According to an article in a recent Textile World magazine, North Carolina State University (NC State) is dedicating research dollars to the study of creating a pest-free fabric that will keep consumers safe from disease-carrying mosquitoes. The article reports that NC State is committed “to develop a highly engineered, comfortable fabric that is mosquito bite resistant to a very high level, but also free of unwanted pesticides.”
Why target mosquitoes? The World Health Organization (WHO) states that mosquito bites cause more deaths (725,000 per year) than any other organism on the planet, primarily due to malaria. With cases of the Zika virus infiltrating the U.S. through our southern states, clothing manufacturers will hopefully pick up on this new capability, and one day you very well may be called upon to embellish a mosquito-repellant garment.
In fact, a start-up company called Vector Textiles, an off-shoot of the NC State researches, funded by an online Indigogo crowd funding campaign, is about to launch a line of maternity clothing called Pro-Tex. Equally important to keeping mosquitoes at bay for pregnant women and children, is to accomplish this without the use of chemical-imbedded fabrics used for their clothing.

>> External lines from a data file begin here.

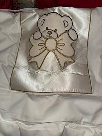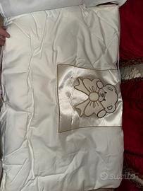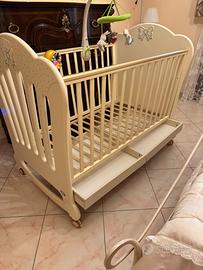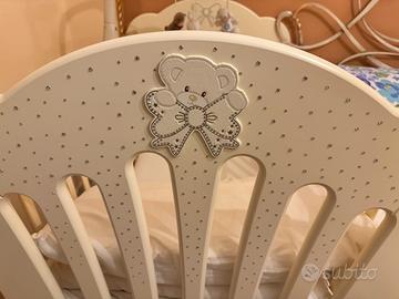 Vendo lettino Pali Prestige principe color panna con swaroski, usato pochissimo, compreso di materasso antiacaro sfoderabile, piumone e copri piumone, federa cuscino coordinata, paracolpi coordinato in regalo. Possiede delle ruote proiettanti dotate di freno di bloccaggio, la sponda si abbassa con una sola mano, struttura in faggio massiccio, rete ortopedica a doge in legno, cassettone sotto lettino in regalo lievemente lineato. Posso vendere i pezzi anche singolarmente: Lettino 150€ con cassettone sotto lettino in regalo Materasso antiacaro sfoderabile 40€ Set tessile piumone, copri piumone, federa coordinata con paracolpi in regalo 60€ Prezzo nuovo più di 600€ Ritiro del lettino direttamente a casa mia Partinico (PA) Piumone e set tessile posso consegnarlo a Partinico o a Palermo
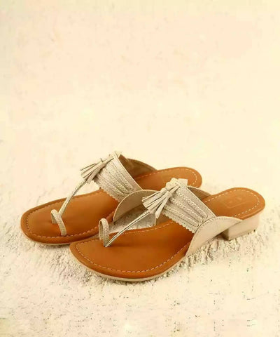 Our Champagne kohlapuri Small Heel Sandal, Raveena is handmade using a vegan leather upper and a tan leather base. A small tassel on the upper makes her very chic and unique. With a 1.5 inch heel, an anti slip sole and added cushioning, she is an ideal pick for parties or weddings.
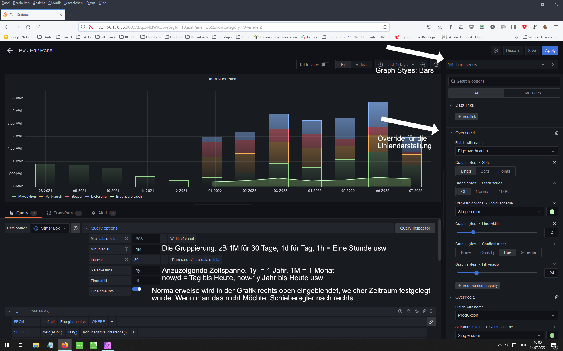 Gargamel "Sun and Moon" ist die Data Source und damit habe ich eine neue Query eingefügt. Grafik ist eine "Time Series". In der Query habe ich noch die Lat / Lon Werte für meinen Standort eingetragen. Mehr nicht

Through their studies, “the textile and garment products have been stringently tested in NC State’s entomology labs and proven better than 98% effective under extreme worst-case scenario mosquito exposure.” Three methods of bite-resistance are being tested, using knits, wovens and non-wovens: in Strategy A, the pores of the fabric are so small that the proboscis of the mosquito cannot penetrate; in Strategy B, a tortuous path through the fibers causes the proboscis to fail to penetrate; and in Strategy C, a spacer fabric is of a thickness that prevents the proboscis from reaching the skin.
High up on the researcher’s list of “musts” is the ability to design fabrics that are porous enough to allow air circulation and moisture management. Perhaps the difficulties once brought by athleisure to the embroidery market will soon be surpassed by the need to embellish on mosquito-repellent garments.